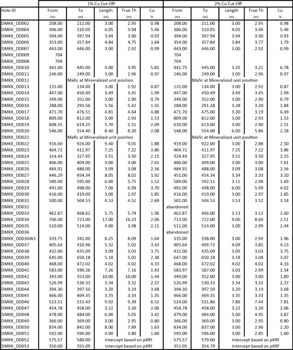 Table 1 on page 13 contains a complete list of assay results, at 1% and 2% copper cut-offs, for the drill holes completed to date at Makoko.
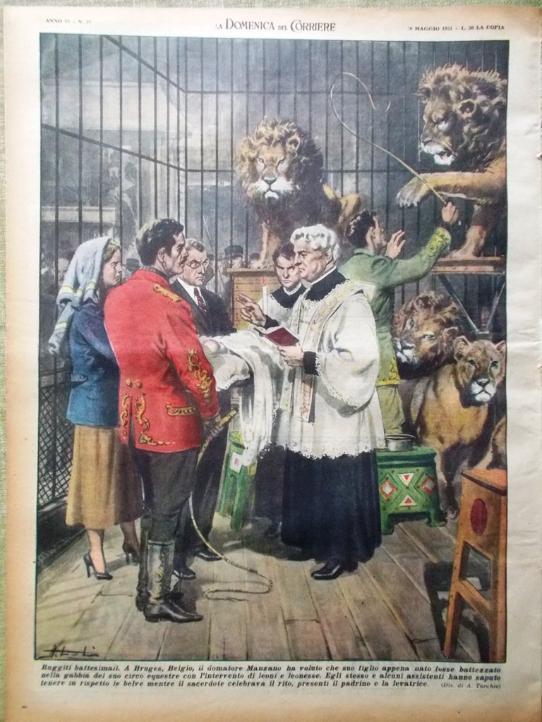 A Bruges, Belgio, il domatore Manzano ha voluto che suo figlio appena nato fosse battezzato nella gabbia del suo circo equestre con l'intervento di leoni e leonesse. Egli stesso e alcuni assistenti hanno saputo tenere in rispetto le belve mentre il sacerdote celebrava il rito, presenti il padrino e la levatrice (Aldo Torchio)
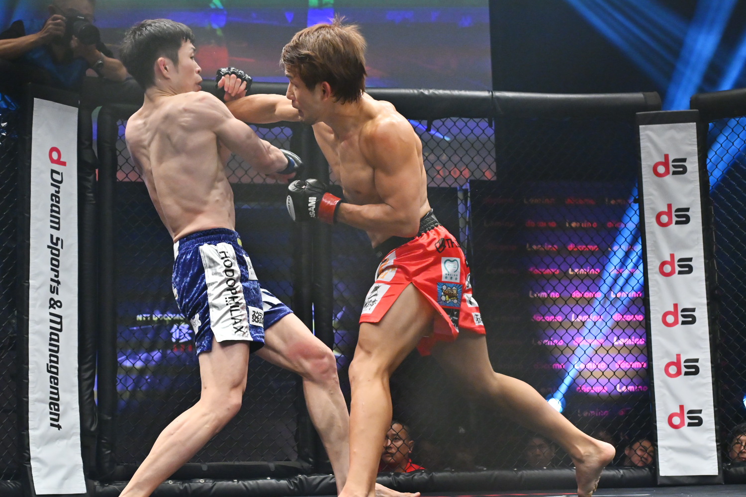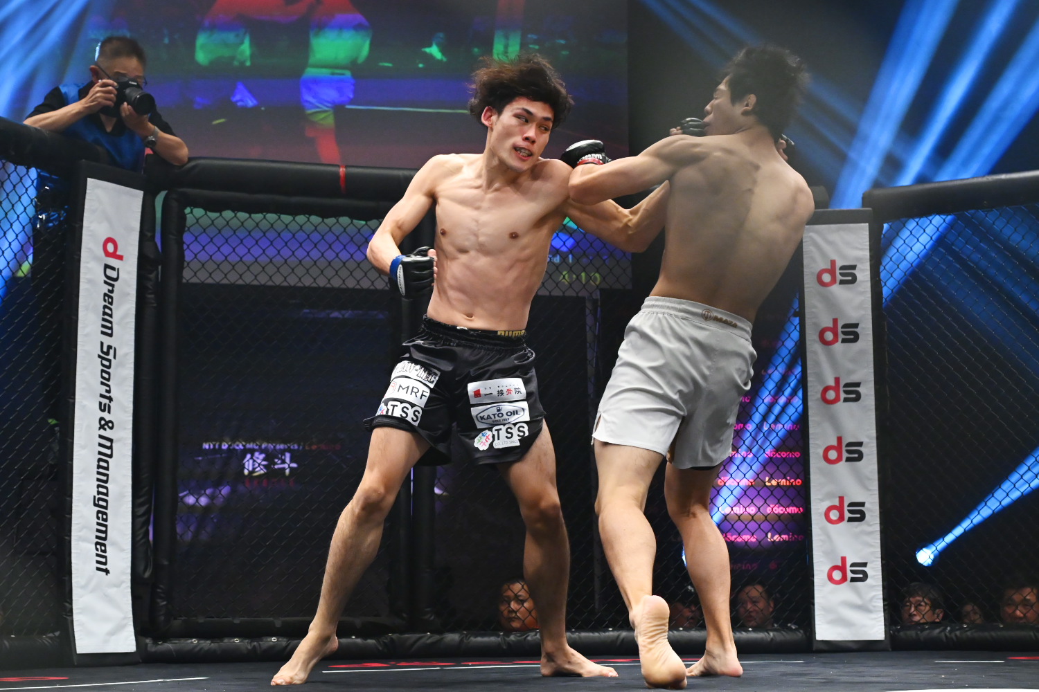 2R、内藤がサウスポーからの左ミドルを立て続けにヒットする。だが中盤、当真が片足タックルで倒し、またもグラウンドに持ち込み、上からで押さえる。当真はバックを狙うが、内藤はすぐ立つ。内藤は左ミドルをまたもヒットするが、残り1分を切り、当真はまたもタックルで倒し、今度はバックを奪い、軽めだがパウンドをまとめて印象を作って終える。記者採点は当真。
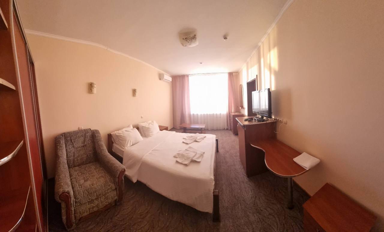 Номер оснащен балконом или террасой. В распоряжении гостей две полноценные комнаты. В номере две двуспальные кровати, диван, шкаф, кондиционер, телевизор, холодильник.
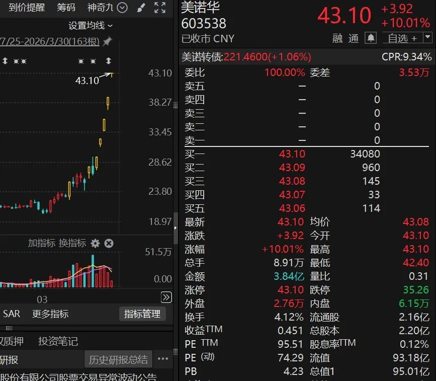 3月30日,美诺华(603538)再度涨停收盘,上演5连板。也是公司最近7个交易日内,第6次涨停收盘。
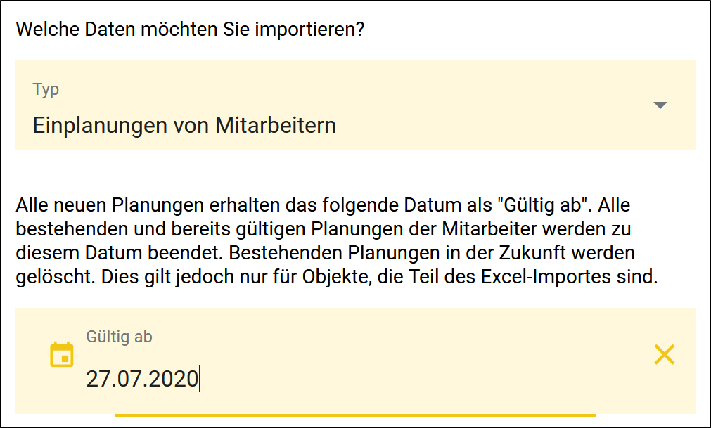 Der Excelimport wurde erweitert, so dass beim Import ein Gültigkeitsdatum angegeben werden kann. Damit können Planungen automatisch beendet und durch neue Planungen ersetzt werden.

************

• EXERCISE DIRECTIONS
Only the lines from the one containing "2R、内藤がサウスポーからの" through the last line of the material should be returned, exactly and without pictures.

• ANSWER TO THIS PROBLEM
 2R、内藤がサウスポーからの左ミドルを立て続けにヒットする。だが中盤、当真が片足タックルで倒し、またもグラウンドに持ち込み、上からで押さえる。当真はバックを狙うが、内藤はすぐ立つ。内藤は左ミドルをまたもヒットするが、残り1分を切り、当真はまたもタックルで倒し、今度はバックを奪い、軽めだがパウンドをまとめて印象を作って終える。記者採点は当真。
 Номер оснащен балконом или террасой. В распоряжении гостей две полноценные комнаты. В номере две двуспальные кровати, диван, шкаф, кондиционер, телевизор, холодильник.
 3月30日,美诺华(603538)再度涨停收盘,上演5连板。也是公司最近7个交易日内,第6次涨停收盘。
 Der Excelimport wurde erweitert, so dass beim Import ein Gültigkeitsdatum angegeben werden kann. Damit können Planungen automatisch beendet und durch neue Planungen ersetzt werden.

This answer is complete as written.